The tight circuit is often known as Monaco without the barriers due to its slow corners, and while that nickname is somewhat misleading due to the difference in the radius of the corners at the two circuits, it is still a circuit where the cars run with maximum downforce. In Monaco, when the cars were last decked out with maximum downforce, Hamilton struggled to balance tyre temperature between the four corners of his car, but the high temperatures in Hungary appeared to help Mercedes get the most from the tyres and the maximum from its package.
"We did have the update kit in Silverstone and that does look like it has given us some useful performance," Mercedes chief trackside engineer Andrew Shovlin said. "But then the car was working well here in terms of where it was maintaining its tyre temperatures and we had quite a nice balance with it."
But while Mercedes was making steps forward, Red Bull also seemed to take a step backward in Hungary. After running its biggest, most high-downforce rear wing during Friday practice, the team switched to a skinnier, lower-downforce rear wing for qualifying and the race. That suggests that the drivers were unhappy with the balance of the car during practice and the only way to solve the problem was to remove some of the rear downforce from the overall package.
Mercedes, meanwhile, was able to run its highest downforce package throughout the weekend and, with it, came a 0.4s advantage in qualifying.
"To be honest, we are surprised [by the gap to Red Bull] ourselves," Shovlin said. "It's a pleasant surprise, but a surprise nonetheless to have had that margin to pole.
"We thought this is a circuit that should suit them, and the thing that we worry about when we come to a maximum downforce circuit is that we are frequently running around on max downforce and then they bring a bigger wing out for Monaco and for this place, but maybe they couldn't balance that.

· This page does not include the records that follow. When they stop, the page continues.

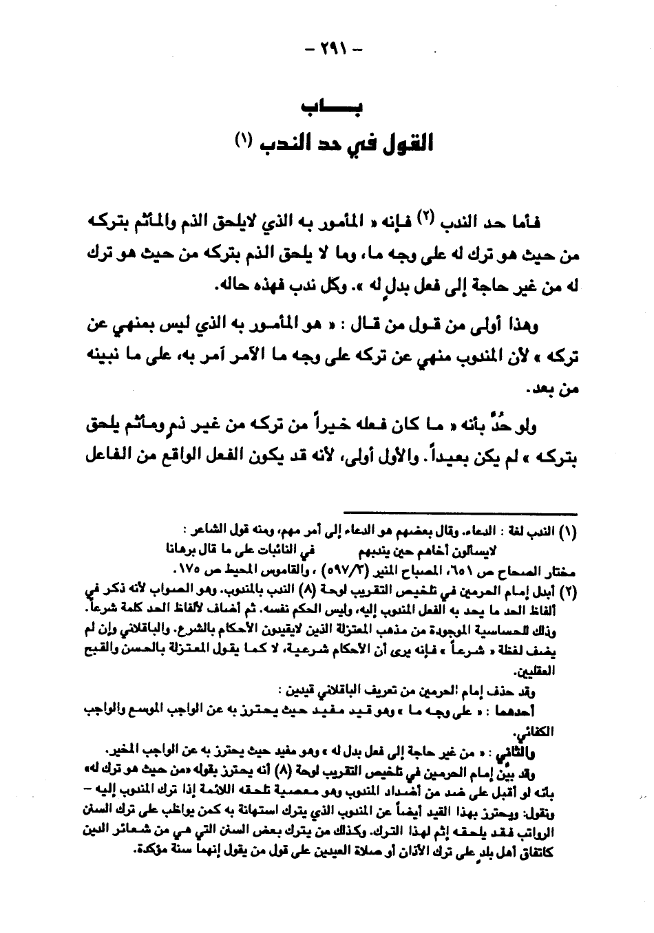 فأما حد الندب فإنه "المأمور به الذي لا يلحق الذم والمأثم بتركه من حيث هو ترك له على وجه ما، وما لا يلحق الذم بتركه من حيث هو ترك له من غير حاجة إلى فعل بدل له". وكل ندب فهذه حاله.
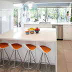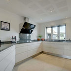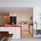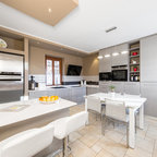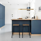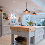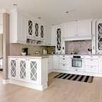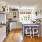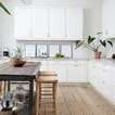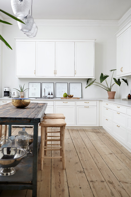 Modelo de cocina comedor en L, nórdica, grande, con una isla, armarios estilo shaker y puertas de armario blancas — Houzz
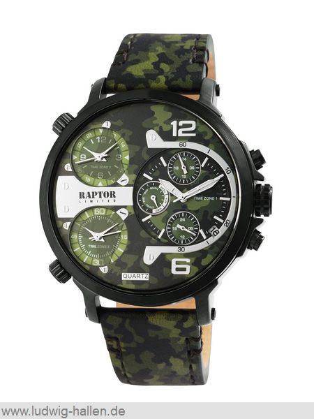 RAPTOR RA20130-016 4049096939333 / Limited-Serie, Modell Maxx, Metallgehäuse mit Edelstahlboden (Durchmesser 52 mm, Höhe 13 mm), Mineralglas, Lederband mit Dornschließe (Breite 24 mm), 4 Zeitzonen, 24 Stundenanzeige, Datum, 3 bar wasserdicht, Gesamtlänge 26 cm / 99.95 €uro
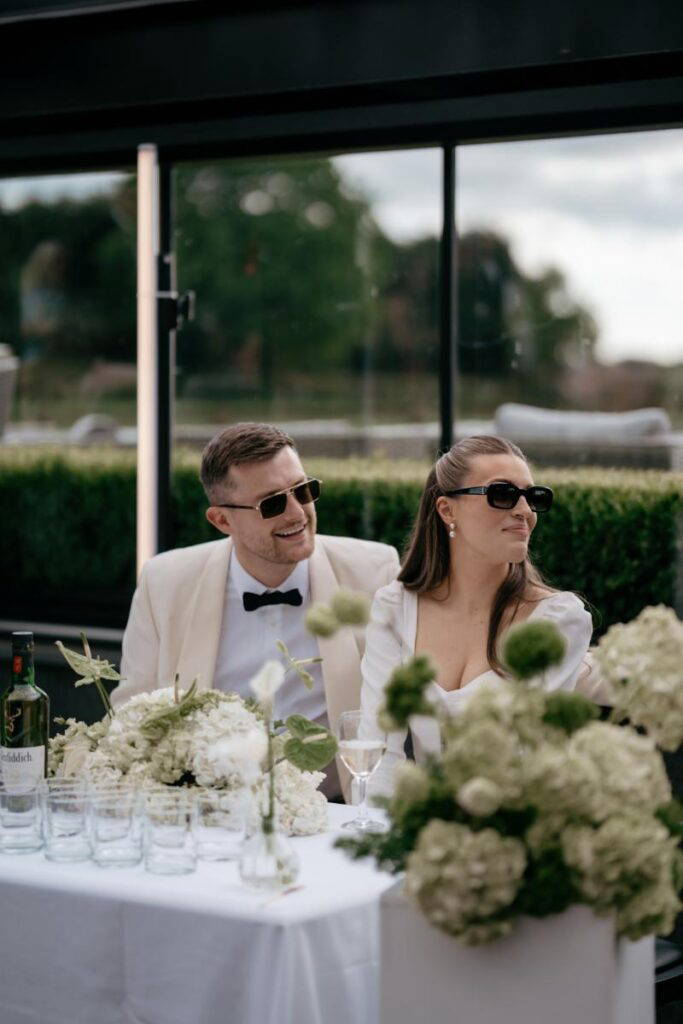 The following day, the celebrations continued at The Colony in Knutsford, where the outdoor terrace set a lively yet stylish reception. The space was transformed with modern floral styling — crisp whites, fresh greens, and sculptural arrangements that brought a serene, early-summer feel.
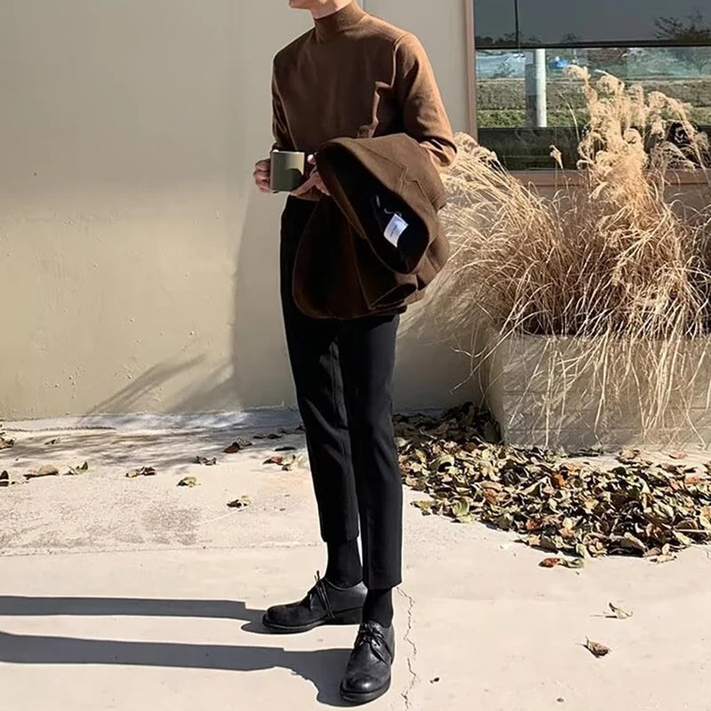 AIDASE - Spring Casual Long Sleeve Knit Jumper Tops Men Fashion Solid Color Basic Tees Autumn Vintage Mock Neck Men's Slim Fit Sweaters
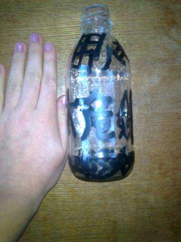 Dekoruotas butelys-vazele :) Dekoravau pati. :)
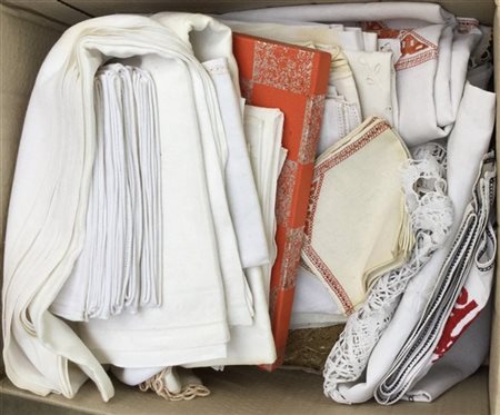 Cartone contenente centrini in pizzo al tombolo, sottobicchieri, copro vassoio, tovaglie in fiandra con tovaglioli più un tessuto in seta e fili metallico dorati e argentati con frange di manifattura giapponese. Inizi secolo XX.
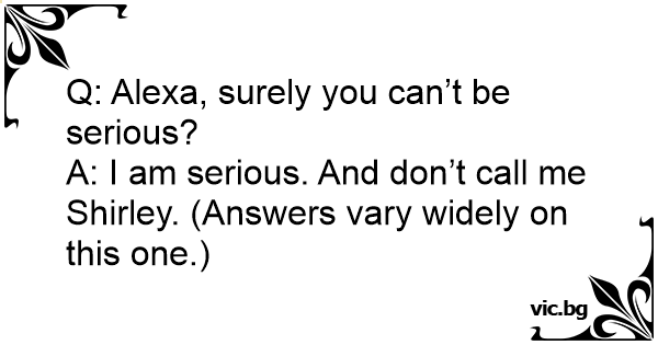 A: I am serious. And don’t call me Shirley. (Answers vary widely on this one.)
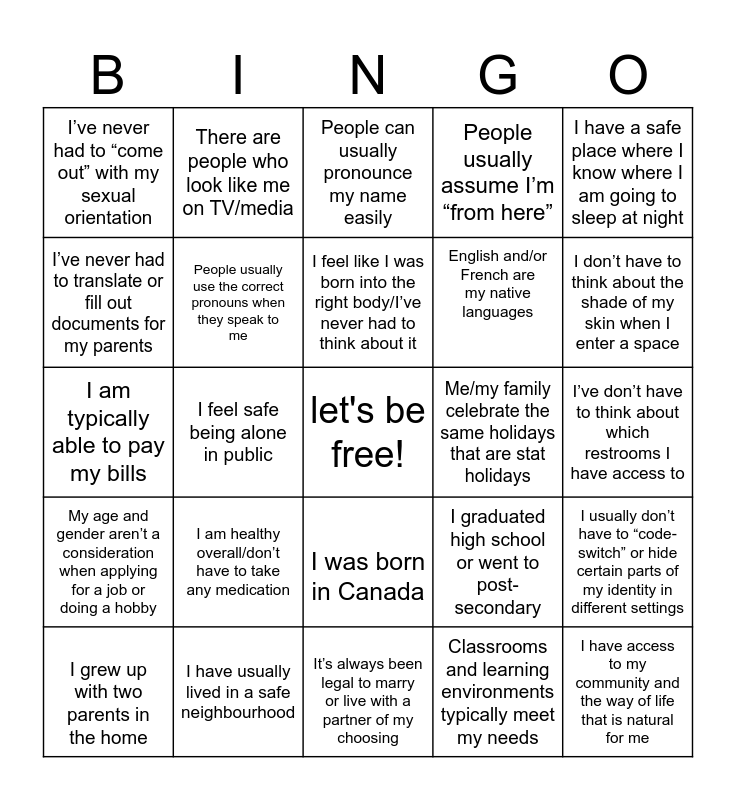 This bingo card has a free space and 24 words: I am healthy overall/don’t have to take any medication, I have usually lived in a safe neighbourhood, I feel like I was born into the right body/I’ve never had to think about it, I grew up with two parents in the home, I have a safe place where I know where I am going to sleep at night, I’ve never had to “come out” with my sexual orientation, I’ve never had to translate or fill out documents for my parents, There are people who look like me on TV/media, Me/my family celebrate the same holidays that are stat holidays, I was born in Canada, English and/or French are my native languages, I am typically able to pay my bills, I graduated high school or went to post-secondary, I usually don’t have to “code-switch” or hide certain parts of my identity in different settings, People usually use the correct pronouns when they speak to me, Classrooms and learning environments typically meet my needs, I’ve don’t have to think about which restrooms I have access to, People can usually pronounce my name easily, I don’t have to think about the shade of my skin when I enter a space, I feel safe being alone in public, I have access to my community and the way of life that is natural for me, My age and gender aren’t a consideration when applying for a job or doing a hobby, People usually assume I’m “from here” and It’s always been legal to marry or live with a partner of my choosing.
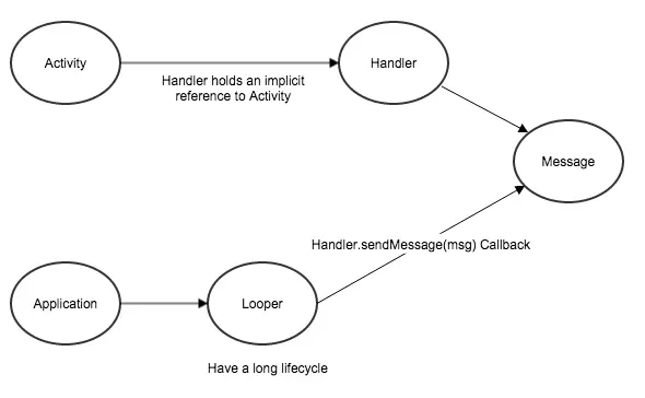 在 Java 中,非静态内部类包括匿名内部类,比如非静态的Handler会引用外部类对象this(比如 Activity) 而message又会引用handler, 看一下Handler的代码
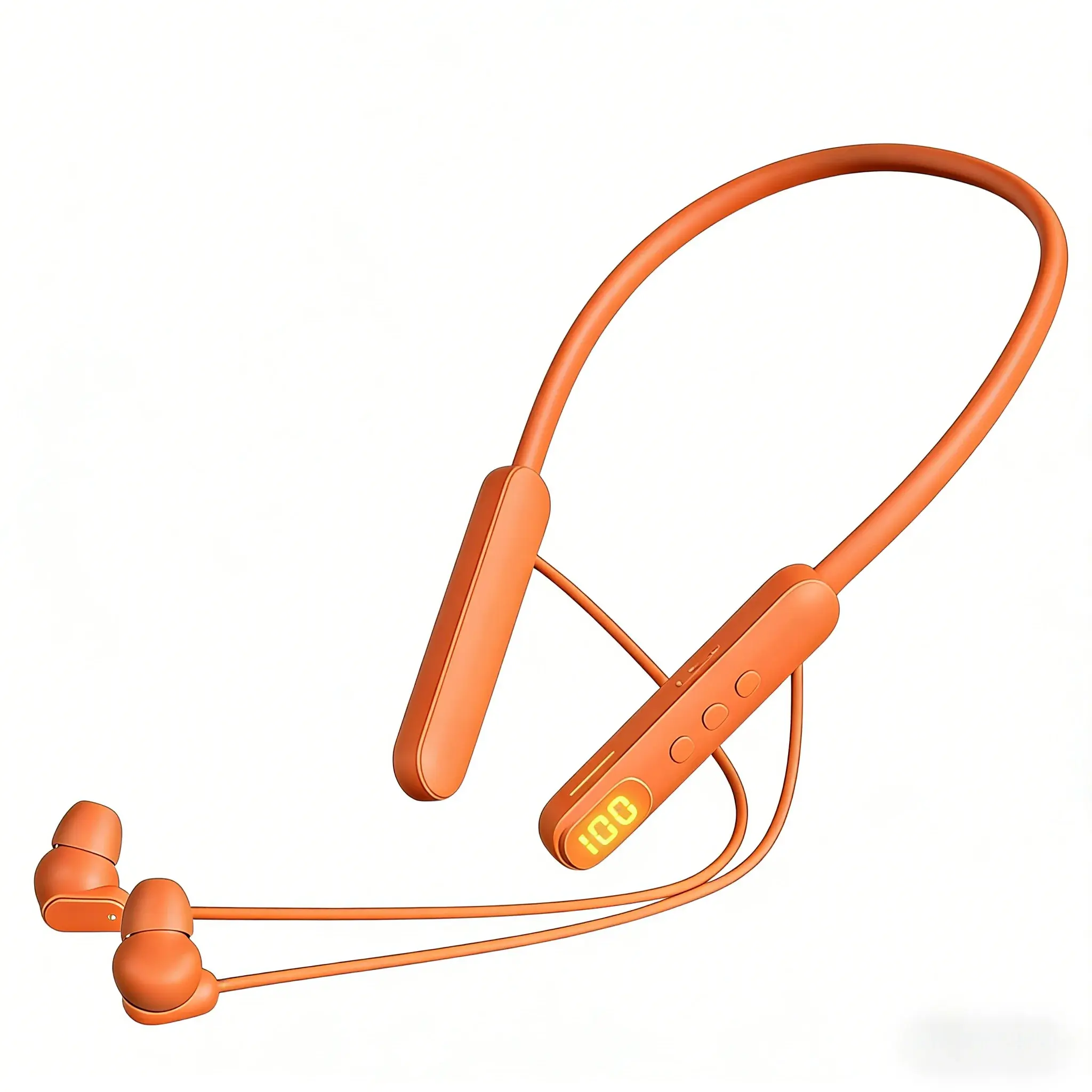 Upgrade your daily audio with these sleek orange neckband Bluetooth headphones.They’re lightweight and ergonomic, so you can wear them all day comfortably-great for commutes, gym sessions, or casual use.The built-in digital battery display lets you check power at a glance, so you won’t get unexpected shutdowns mid-use.Stable Bluetooth connectivity delivers clear, balanced sound for music, calls, and media.Snug earbuds reduce sound leakage and stay secure during movement.Durable construction ensures reliable performance for your daily routines.

"They went away from it on Saturday and, honestly, for us it seems odd that you would run anything other than your biggest rear wing here. We don't profess to know why they are taking decisions on that car, but it could be that they were struggling to run enough front end on that car with the big wing and they dropped down to the small one."
Yet Mercedes knows it cannot rely on Red Bull to struggle with the balance of its car to win this year's championship. All the signs from recent grands prix suggest Red Bull will again be the team to beat at the next round at Spa Francorchamps in three weeks' time and a Verstappen victory would eliminate Hamilton's points lead if it remains at six.
Tensions have reached boling point between the two teams in recent weeks, but the summer break will be a chance for both sides to cool down before racing resumes. The factories will be shutdown by regulation, meaning development will be limited, but that won't stop engineers on both sides thinking about how to get more from their car when they return to the track in Belgium.
The good news for us is that the season is perfectly poised for the remaining 12 races, with Hamilton leading the championship but Verstappen to fight back as soon as racing resumes.